4. If you have a lot of databases/tables within your database, it’s likely
that you will have to use a loop like foreach to loop through each of
the databases/tables within, query data with an SQL query or two, and
return results.
5. When executing SELECT queries, your user would have to define the
type of search query if it’s necessary (e.g., email address, username, or
domain for data breach search engines), then provide the query itself
via another parameter.
6. The query would need to be sanitized according to its type (e.g., email
addresses would make use of FILTER_VALIDATE_EMAIL, etc.)
7. Your API will likely need to update the number of queries a user has
made by running an UPDATE query after each SELECT query has been
executed.
8. Your API will likely need to be rate-limited (that can be done via PHP,
MariaDB, or both).
Think about your application and database in each of these steps –
providing JSON-based output likely means that you’re going to issue a
header in line of Content-type: application/json;
charset=utf-8 to tell your application that content will be in JSON
format and should be provided as UTF-8 data and nothing else. API keys
mean that your application will have to generate and provide API keys to
each user, limiting the amount of queries may have to do with API plans
that provide the user with no more than X amount of queries during a
calendar month (that’s also why your API needs to update the number of
queries a user has run – you need to keep track of those and some of you
may use that for internal statistics purposes, too), and rate-limiting your API
will help you to prevent abuse and users who may use the API for
questionable purposes.
Coming back to the database, perhaps the most important thing I’ve
learned when building APIs would be the importance of rate limiting and
carefully selecting data that’s presented to the user. These things will ring a
bell for everyone who has built API services in the past, and no matter
whether they’ve dealt with big data sets or not, these things are crucial –
rate limiting will most likely be done via PHP and it will prevent your
database from timing out and affecting your application in return, while
presentable data can be selected in both ways: we can either not store the
data in the database in the first place or if storing the data is necessary, we
should not provide it to the end user when it’s not necessary.

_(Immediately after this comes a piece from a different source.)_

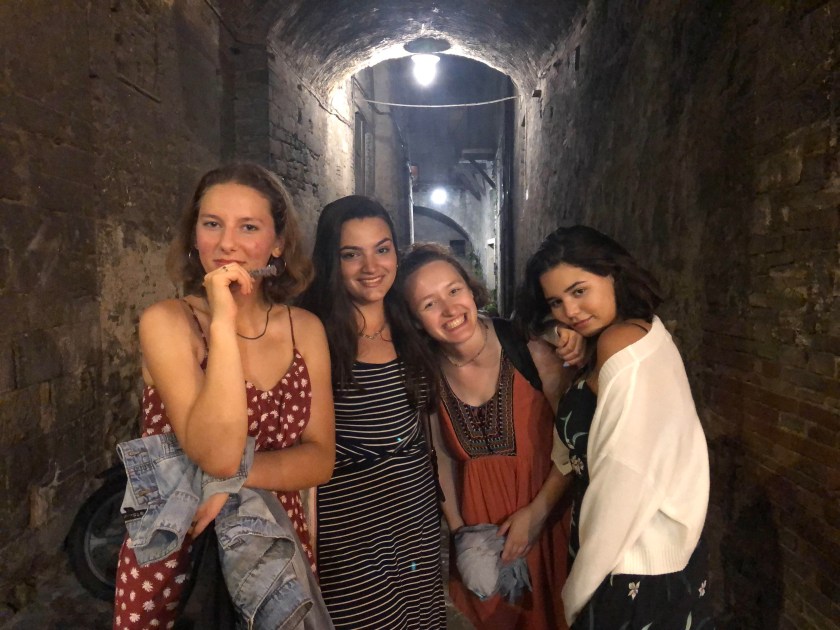 After dinner, we returned to the hostel and got ready for a 9:30 performance we would be attending. This was the first of many shows/concerts we went to, and it was quite interesting. It was called “To The Moon,” and, because it was in Italian, I didn’t understand all that much. I can tell you that it was about the first moon landing and that there was beautiful piano music throughout. Here’s a photo of us before the show:

With that being said, if we look at everything from a birds-eye view,
interacting with big data sets is not that different from our everyday
interactions with ordinary-sized data, is it? If we assume that we use REST-
based API services, we need to remember a couple of things and we’re
golden.
First, REST-based architectures are stateless. Stateless means that when
sending a request, we must identify ourselves (that’s what API keys are for)
and then clearly define our requests to help our database further limit
accessible data (search types with a search query, anyone?)
It’s also wise to remember that some REST API requests can be cached.
GET requests can be cached, POST requests are not cached by default but
one can “ask” them to be cached with a Cache-Control header, and two
kinds of requests cannot be cached at all – these are PUT and DELETE.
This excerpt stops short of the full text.